Here is one of my homework in the topology class: Show that $S^n=\{x_0\}\cup_{C_{x_0}} e^n$, where $C_{x_0}:S^{n-1}=\partial e^n\rightarrow \{x_0\}$ is the constant map.
My attempt: We construct a map
\begin{align}\varphi: \{x_0\}\sqcup e^n&\rightarrow S^{n}\\ x_0&\mapsto S=(0,\dots,0,1)\\ \rho(y_1,\cdots,y_n)&\mapsto (\sin (\rho\pi) y_1,\dots, \sin (\rho \pi) y_n,\cos \rho\pi ) \quad ((y_1,\cdots, y_n) \ is \ a \ unit \ vector ) \end{align}
i.e. $\varphi$ maps every radius of $e^n$ to a meridian of $S^n$. Then the decomposition space $\{\varphi^{-1}(p):p\in S^n\}$ is exactly the adjunction space $S^n=\{x_0\}\cup_{C_{x_0}} e^n$. So if one can show that $\varphi$ is a quotient map, by some argument in the quotient space, one can conclude that $\{x_0\}\cup_{C_{x_0}} e^n$ is homeomorphic to $S^n$.
But I cannot precisely write down the argument to show $\varphi$ is a quotient map. Are there any hints? Or perhaps there is a more direct way to show this?
Any helps or hints are welcomed, thanks!
I prefer to write $D^n$ instead of $e^n$. We attach $D^n$ to $x_0$ by the constant map $c : S^{n-1} = \partial D^n \to \{x_0\}$. The adjunction space $\{x_0\} \cup_c D^n$ is clearly homeomorphic to the quotient $D^n/S^{n-1}$. That $D^n/S^{n-1} \approx S^n$ has been adressed several times in this forum, for example in $B^n/S^{n-1}$ is homeomorphic to $S^n$.
Your map $\varphi : D^n \to S^n $ is fine, but to prove that is a quotient map identiyfing $S^{n-1}$ to the point $(0,\ldots,0,-1)$ you must verify the following:
$\varphi$ is continuous in $0$. The "problem" here is that your definition amounts to $$\varphi(y) = \begin{cases} \left(\sin (\lVert y \rVert \pi) \frac{y}{\lVert y \rVert}, \cos(\lVert y \rVert \pi)\right) & y \ne 0 \\ (0,\ldots,0,1) & y = 0 \end{cases}$$ Continuity on $D^n \setminus \{0\}$ is obvious.
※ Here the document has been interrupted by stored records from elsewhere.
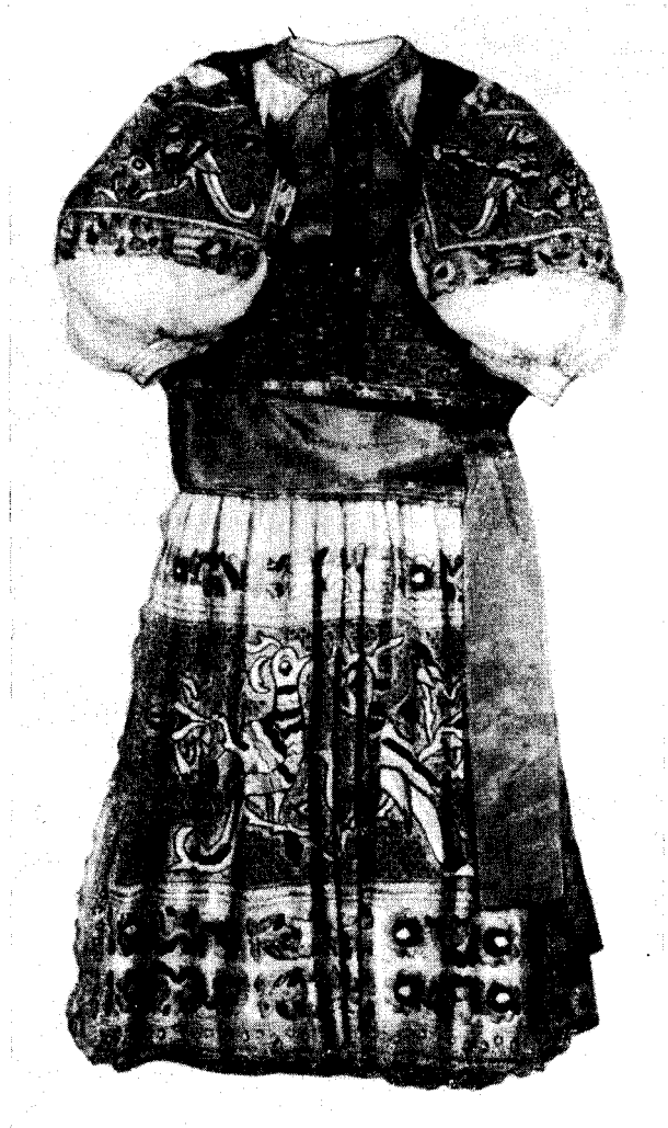
Чехословацкий женский национальный костюм (из подарков Чехословацкой Республики к 40-летию Великой Октябрьской социалистической революции)

Выставка показывает огромную симпатию народов стран народной демократии к Советскому Союзу. Народы этих стран высказывают сердечные чувства благодарности Советской Армии, советским людям и их авангарду — Коммунистической партии, спасшим их от немецко-фашистских захватчиков в годы второй мировой войны. Свою любовь и симпатию они передают в письмах, адресованных ЦК КПСС и Советскому правительству, в текстах, вышитых на знаменах, флагах, скатертях, полотенцах,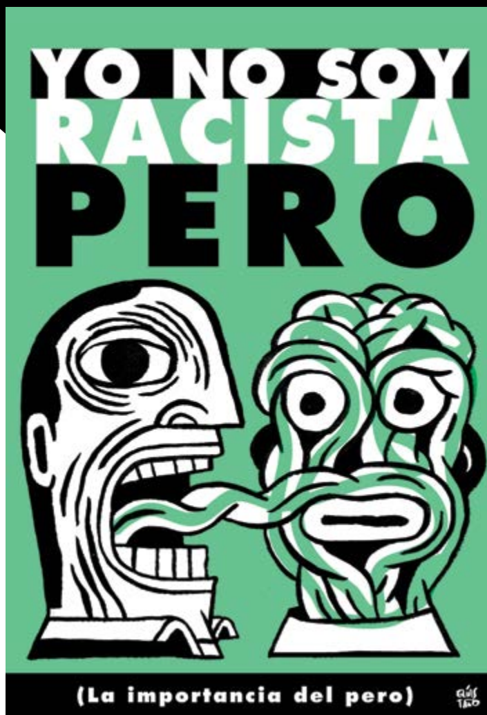
Eliás Taño. Yo no soy racista pero para Centro de Atención a la Inmigración.

La normalización de las diferentes identidades de género y de la orientación sexual y afec-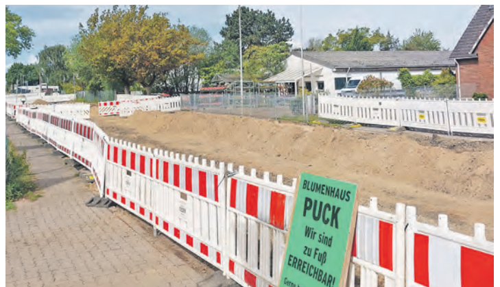
Die Baustelle im Eichkamp lässt Fußgänger passieren.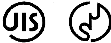
図-1 旧 JIS マーク と現行の JIS マーク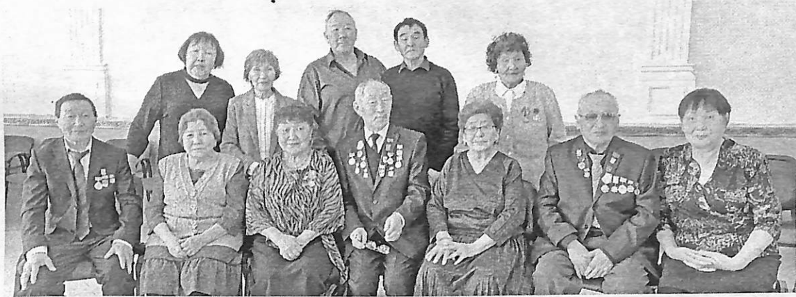
Киинэ бэтэрээннэрэ. ААПТАР ТҮҮЭРИИТЭ.

СӨ Ил Дархан уонна Бырабытталыстыбатын пресс-сулууспата.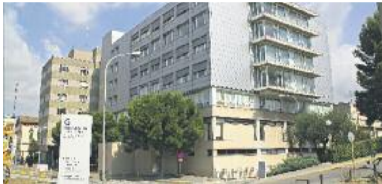
Polèmica entre CiU i PSC per la situació sanitària de l'Hospital.

nollers ha perdut pistonada en l'àmbit sanitari" i reclama a l'alcalde que "prengui mesures des del patronat de l'Hospital".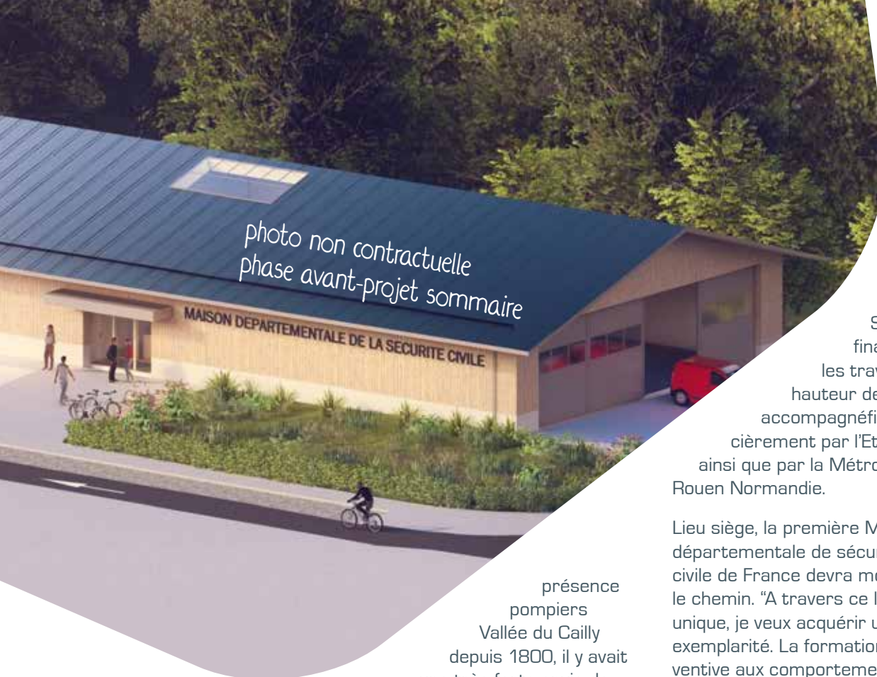
photo non contractuelle phase avant-projet sommaire

SDIS76 finance les travaux à hauteur de 2M€, accompagné finan- cièrement par l'Etat, ainsi que par la Métropole Rouen Normandie.

To show continuity in $0$, consider any sequence $(y_n)$ in $D^n \setminus \{0\}$ such that $y_n \to 0$. Then $\sin (\lVert y_n \rVert \pi) \to 0$ and $\cos (\lVert y_n \rVert \pi) \to 1$. Since all $\frac{y_n}{\lVert y_n \rVert}$ have norm $1$, we see that $\sin (\lVert y_n \rVert \pi)\frac{y_n}{\lVert y_n \rVert} \to 0 \in \mathbb R^n$. Thus $\varphi(y_n) \to \varphi(0)$.
$\varphi$ is onto. I leave this to you.
Since $D^n$ is compact and $S^n$ is Hausdorff, $\varphi$ is a closed map and hence a quotient map.
$\varphi(S^{n-1}) = \{(0,\ldots, 0,-1) \}$. This is obvious from the definition.
$\varphi$ maps $D^n \setminus S^{n-1}$ bijectively onto $S^n \setminus \{(0,\ldots, 0,-1)$. I leave this to you.